Persistent threads for repeated calculations

Hi all,

I have a molecular simulation that involves energy calculation a few thousand times per second. Since launching a kernel with a set of threads takes a lot of overhead, is it possible to start the threads at the beginning of the process and then have them pick up the input as it becomes available and then notify the host code when the processing is done?

I’m trying to do this with flags set in zero-copy memory by the host and the GPU, which indicate whether to wait, execute or exit (flags[0]). Similarly, flags[1] tells the host to pick up the results or wait. At this point, I have some sample code that doesn’t work (goes into infinite loop until Ctrl-C), but is pretty much a starting point.

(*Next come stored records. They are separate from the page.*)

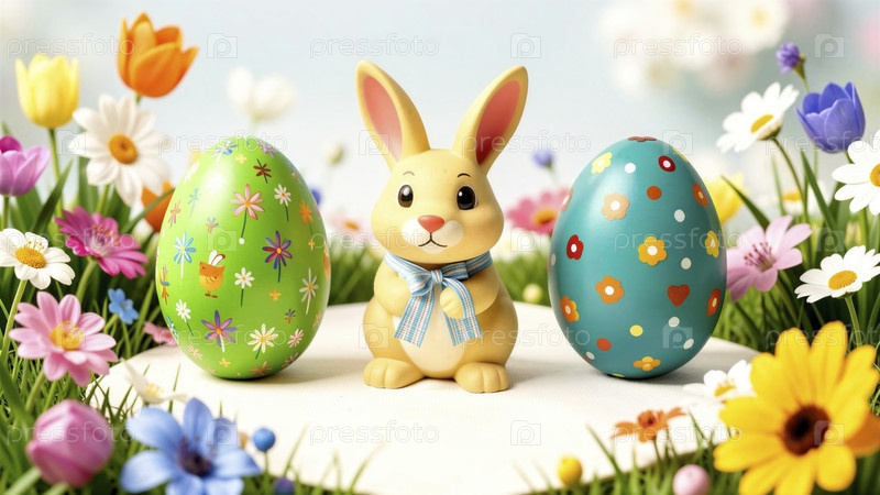 Пасхальный кролик с украшенными яйцами в цветочном саду
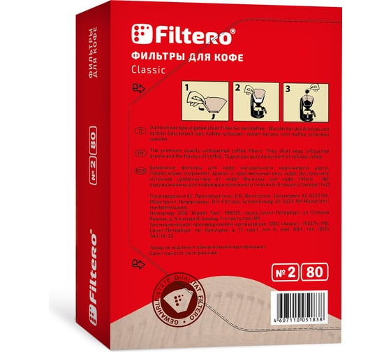 Фильтры для кофе, №2, 80 шт., корич FILTERO 2/80 используются с кофемашинами капельного типа для очистки жидкости от мелких частиц молотого кофе. При этом вкус и цвет напитка не меняются.
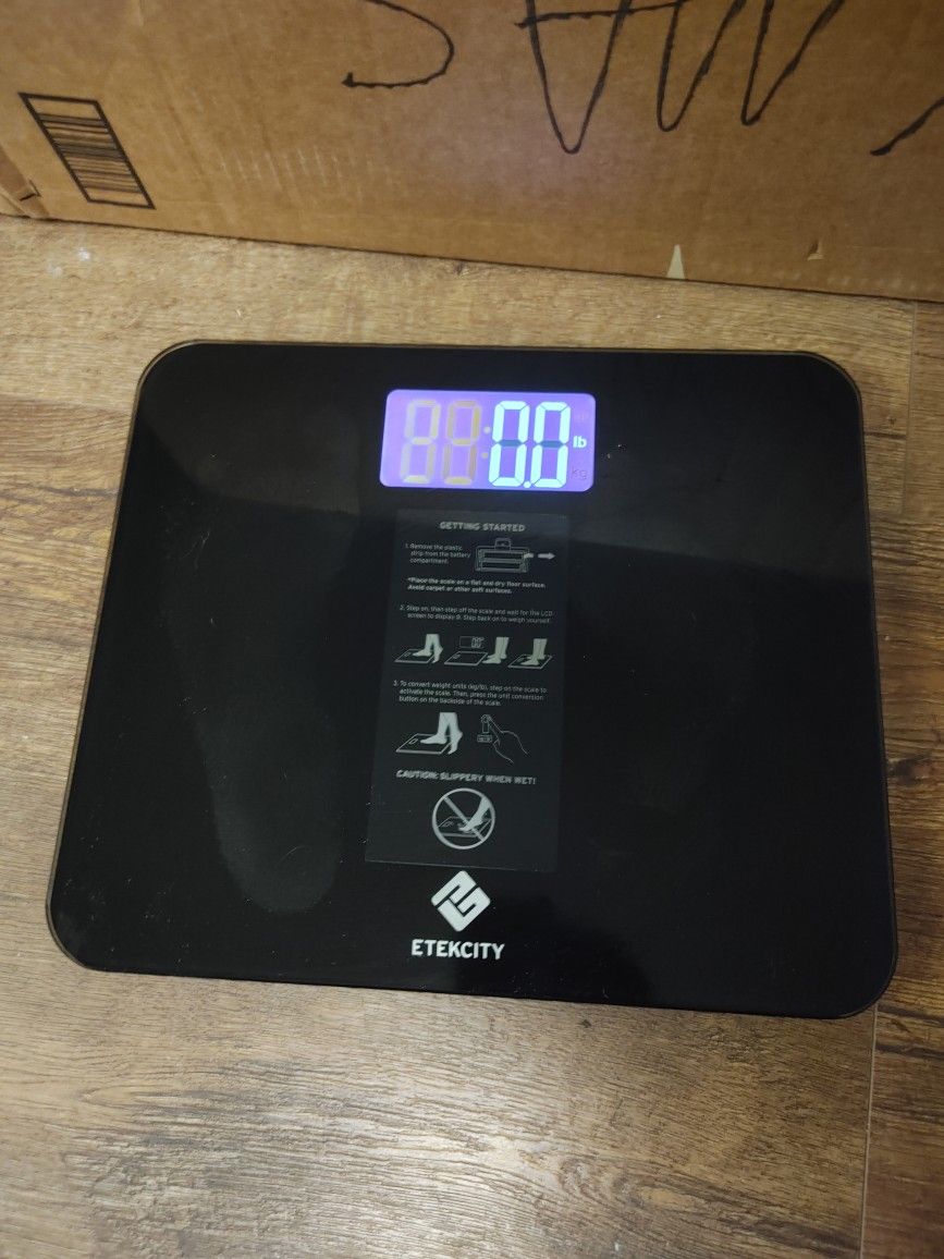 Model: EB4410B Lightly used, works great and fully functional. Clean and well cared for with minor signs of use only. (Can meet locally) Highlights: - Digital Body Weight Scale - Sleek Black Tempered Glass Design - High-Precision Sensors - Easy-to-Read LCD Display Features: Accurate Weighing High-precision sensors provide consistent and reliable weight measurements. Sleek Glass Platform Durable tempered glass surface with a slim, modern black design that fits well in any bathroom. Easy-to-Read Display Large LCD screen displays weight clearly and is easy to read at a glance. Auto Functions Automatic step-on activation and auto shut-off for convenience and battery efficiency. Compact Design Low-profile build makes it easy to store when not in use. Weight Capacity Supports up to 400 lb
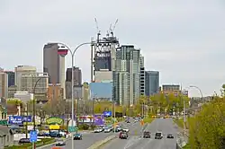 Macleod Trail effectively divides the southwest and the southeast quadrants of the city, and many communities (inner city as well as suburban) were developed along its course.[2] Macleod Trail (along with Crowchild Trail and Deerfoot Trail) constitutes one of the three major north-south corridors of the city.[3]
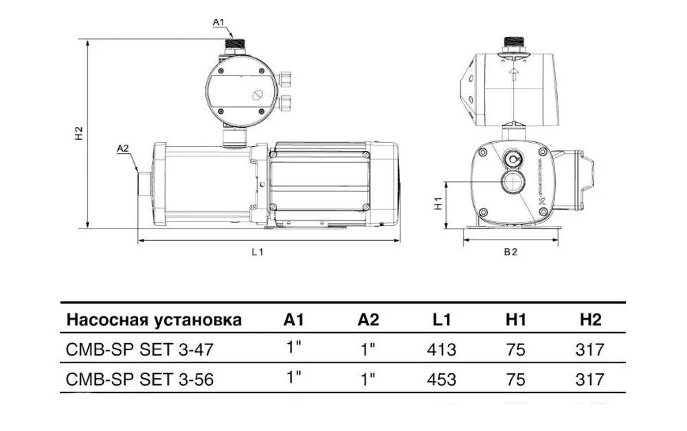 Габариты поверхностного насоса CMB-SP SET 3-56 (PM 1-22)
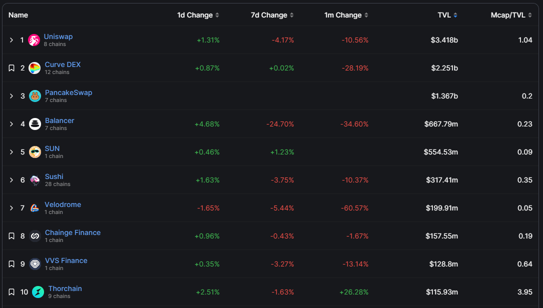 @VelodromeFi is also the only Solidly Variant that has broken into the top 10 DEXs in terms of TVL in the whole of DeFi.
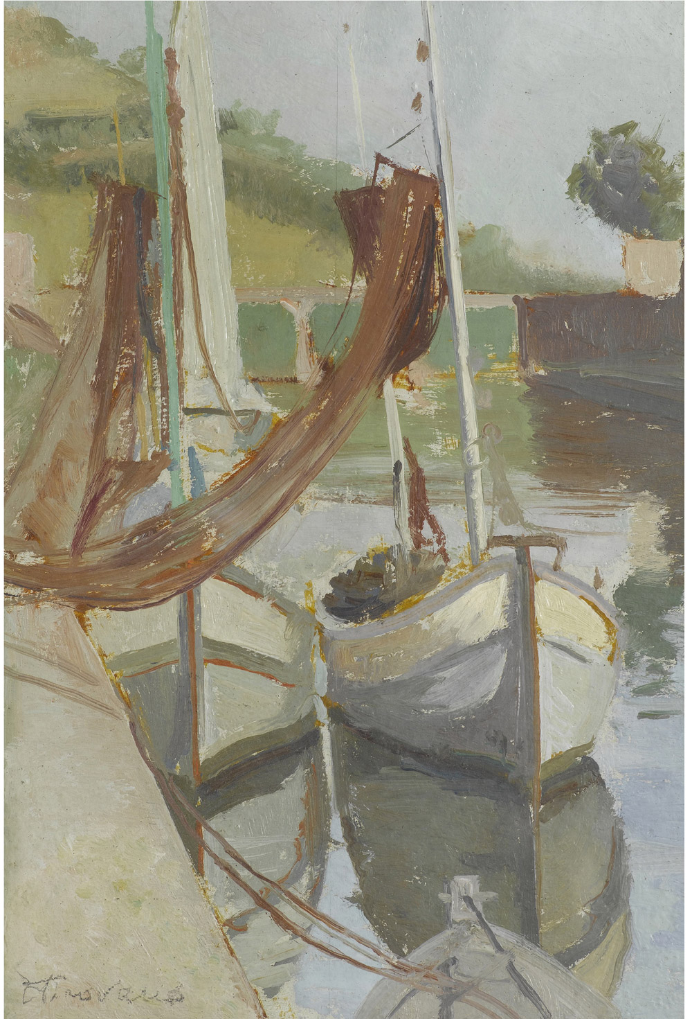 Ernesto Pirovano (1901-1972) Barche ormeggiate Olio su cartoncino Firmato Misure 27.5x18.5 cm
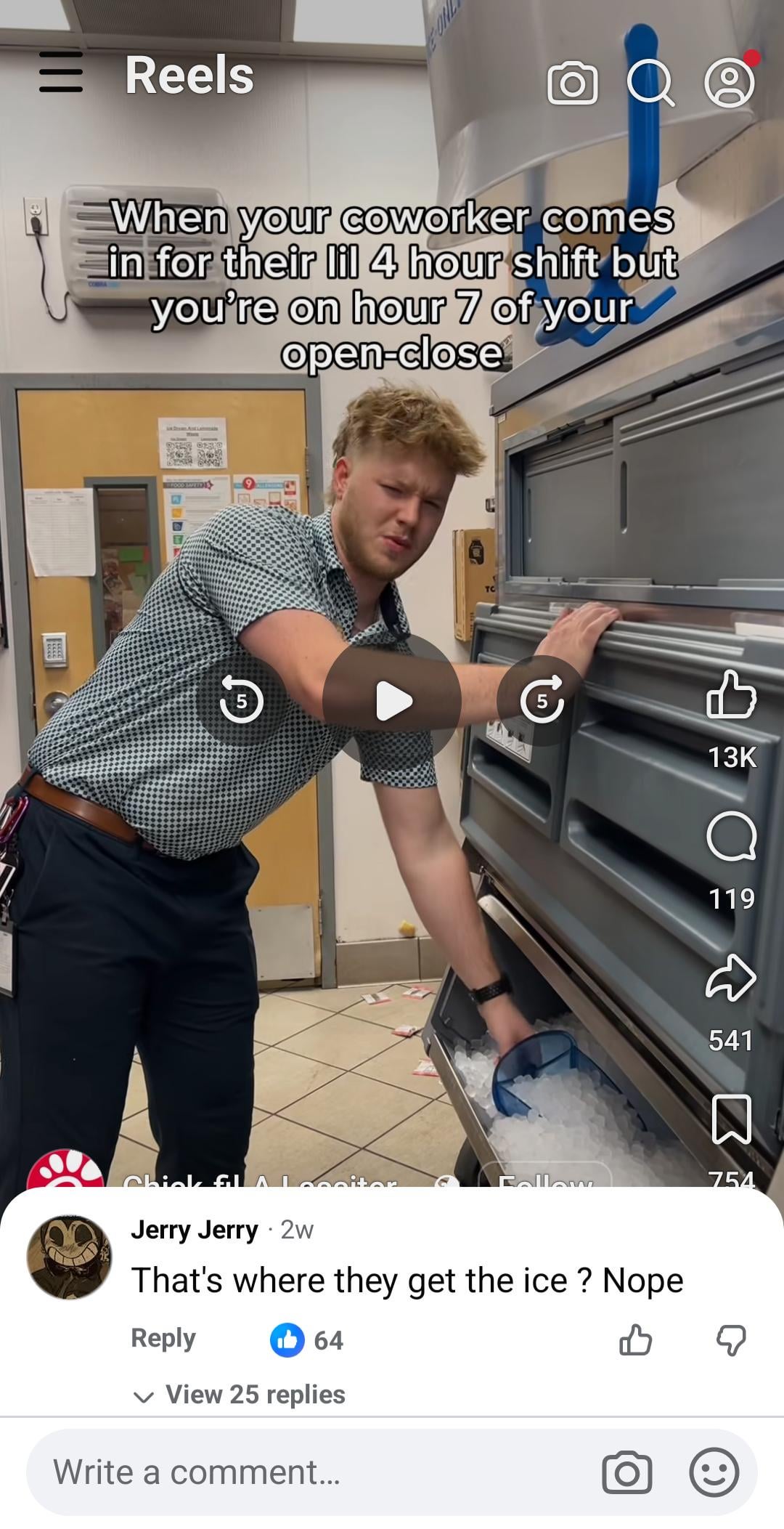 Jerry thinks ice from commercial kitchens come from the ice tray in the freezer
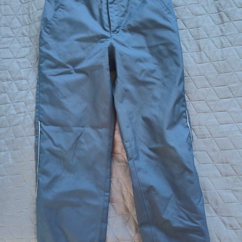 Myydään tummansiniset Didriksonin vk-housut kokoa 120. Lahkeiden pidennykset avattu, vastaa 122/128. Paljon käytetyt, toisessa polvessa reikä, ei paikattu, katso kuva.
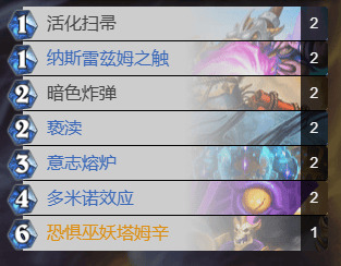 暗色炸弹加强后对抗快攻非常好使,前期可以解肥婆等众多1/3的随从,还有概率抽亵渎。没有亵渎也是1卡换1卡,不会减少手牌。
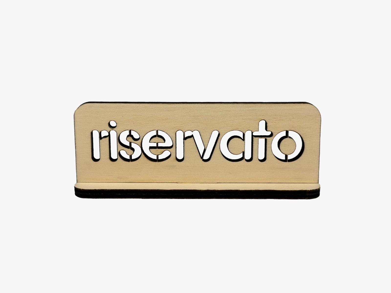 Segnatavolo in Legno 150x55mm per Ristotante Pizzeria con dicitura RISERVATO, intagliato, legno di Pioppo
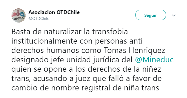 Una de las primeras en manifestar su desacuerdo fue la asociación “Organización Trans Diversidades”, que escribió en Twitter: “Basta de naturalizar la transfobia institucionalmente con personas anti derechos humanos como Tomas Henriquez designado jefe unidad jurídica del Ministerio de Educación quien se opone a los derechos de la niñez trans, acusando a juez que falló a favor de cambio de nombre registral de niña trans”.
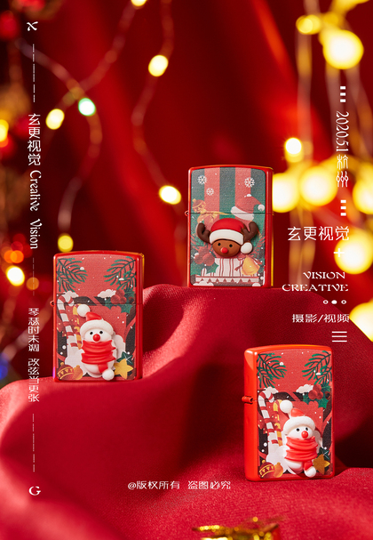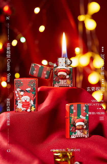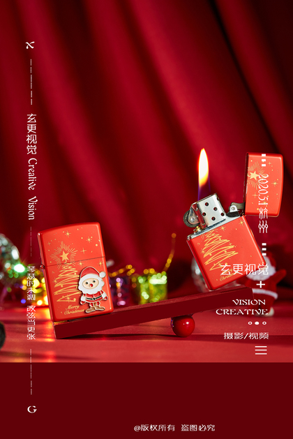 zip打火机拍摄 圣诞款 打火机摄影 静物创意摄影 义乌

Any suggestions would be very much appreciated.


#include <iostream>

#define BLOCKS 1

#define THREADS 8

#define SIZE 10

__global__ void kernel(double* input, double* output, int size, int* flags){

	while (1){

		//check flags

		if (flags[0] == 0) continue;

		if (flags[0] == -1) break;

		//flag == 1 - process input

		int pass = 0;

		while (1){

			int step = THREADS;

			int index = pass * step + threadIdx.x;

			if (index >= size) break;

			double v = input[index];

			for (int i = 0; i < 10; i++){

				v *= 2;


			output[index] = v;



		//completed processing

		flags[0] = 0;//reset back to wait

		flags[1] = 1;//ready for the cpu to pick up



int main(){

	//allocate GPU memory, set initial flags and launch the kernel

	double* dev_input;

	double* dev_output;

	cudaMalloc((void**)&dev_input, SIZE * sizeof(double));

	cudaMalloc((void**)&dev_output, SIZE * sizeof(double));

	int* flags;

	int* dev_flags;

	cudaHostAlloc((void**)&flags, 2 * sizeof(int), cudaHostAllocMapped);

	cudaHostGetDevicePointer(&dev_flags, flags, 0);

	flags[0] = 0;

	flags[1] = 0;

	double* input = new double;

	double* output = new double;

	cudaMemcpy(dev_input, input, SIZE * sizeof(double), cudaMemcpyHostToDevice);

	kernel<<<BLOCKS,THREADS>>>(dev_input, dev_output, SIZE, dev_flags);

	//now go into a loop to use the launched threads

	for (int i = 0; i < 10; i++){

		//populate input data

		for (int j = 0; j < SIZE; j++){

			input[j] = i * j;


		flags[1] = 0;//not done yet

		flags[0] = 1;//execute command

		while (1){

			if (flags[1] >= 0) break;//wait for the threads to finish



		//copy results

		cudaMemcpy(output, dev_output, SIZE * sizeof(double), cudaMemcpyDeviceToHost);

		//check output

		for (int j = 0; j < SIZE; j++){

			printf("%lf\t%lf\n", input[j], output[j]);









Question one: is this possible? Yeah, I wrote a quick test to do CPU/GPU handshaking back and forth about a year ago, and it’s feasible but a giant pain to get right (you have to invalidate and flush all GPU caches, which means it’s slow).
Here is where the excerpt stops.